1960s: The “Pitcher’s Decade.” Offense collapsed, bottoming out at 3.7 R/G in 1968—the “Year of the Pitcher.”
1990s: The power surge. League scoring rebounded to nearly 5 runs per game, driven by expansion, smaller parks, and the home-run boom. Surely, there are no other explanations, right? Cough, cough, hack, hack…
2020s: The analytics paradox (but not really). Despite smarter lineups and stronger hitters, offense has fallen again, down to 4.4 R/G in recent seasons. More on this later…

BATTING AVERAGES

While run scoring has fluctuated wildly, the league batting average has remained remarkably stable. From 1920 onward, the overall mean is .262, almost identical to the all-time mark of .260 since 1871.

The highest batting averages came during the explosive decades of the 1920s and 1930s, while today’s hitters hover around .245, the lowest sustained level since the Dead Ball Era (1900-1920).

ANALYTICS

The offensive (and defensive) landscape of MLB can’t be understood without the analytics revolution, which ushered in a seismic shift in how teams interpret performance. It is, without doubt, the most transformative movement in the history of the game.

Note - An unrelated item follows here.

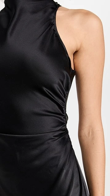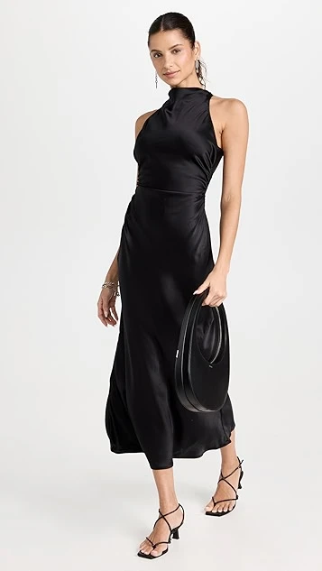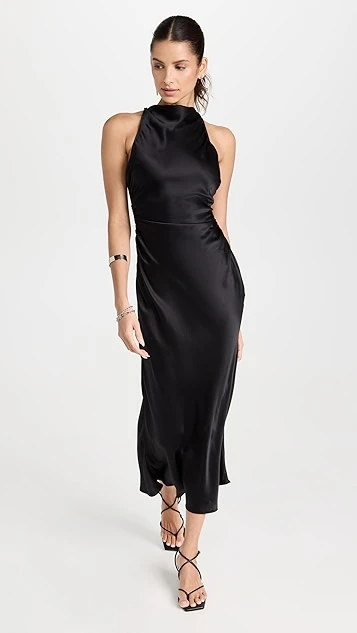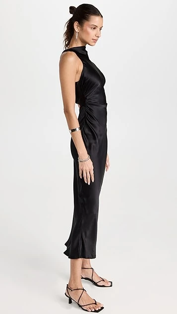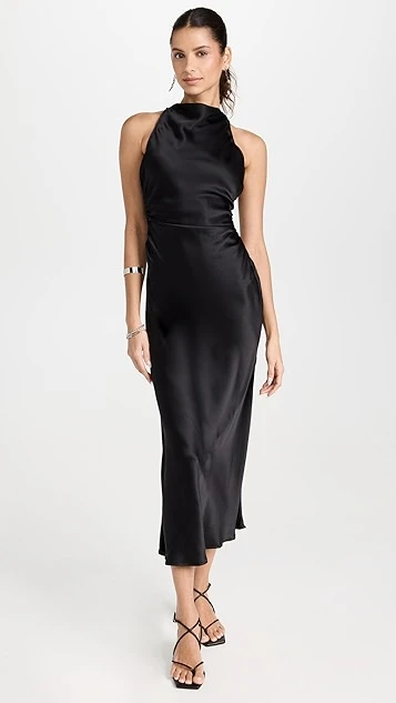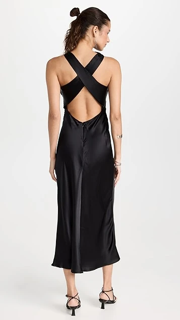 A svelte and sophisticated option for your next big event, this black Reformation dress features pure silk fabric, a fitted cut, and a high neckline. Broad straps crisscross the open back.

Baseball’s analytics revolution unfolded in three waves. The first began in the late 1970s, when writer Bill James published his Baseball Abstracts and coined the term “sabermetrics,” introducing a generation of fans and front offices to the idea that baseball could be studied scientifically. The second wave arrived around 2000, when the Oakland Athletics—immortalized in Moneyball—used data-driven roster construction to compete on a small budget. Their success sparked a league-wide shift toward on-base percentage, run efficiency, and market inefficiency analysis. The third and most mind-bending stage came in 2015 with the introduction of Statcast, a tracking technology that measures exit velocity, launch angle, spin rate, and player movement in real time. Together, these eras changed baseball from a sport of intuition to one of precision, where every swing, pitch, and sprint is quantified and optimized.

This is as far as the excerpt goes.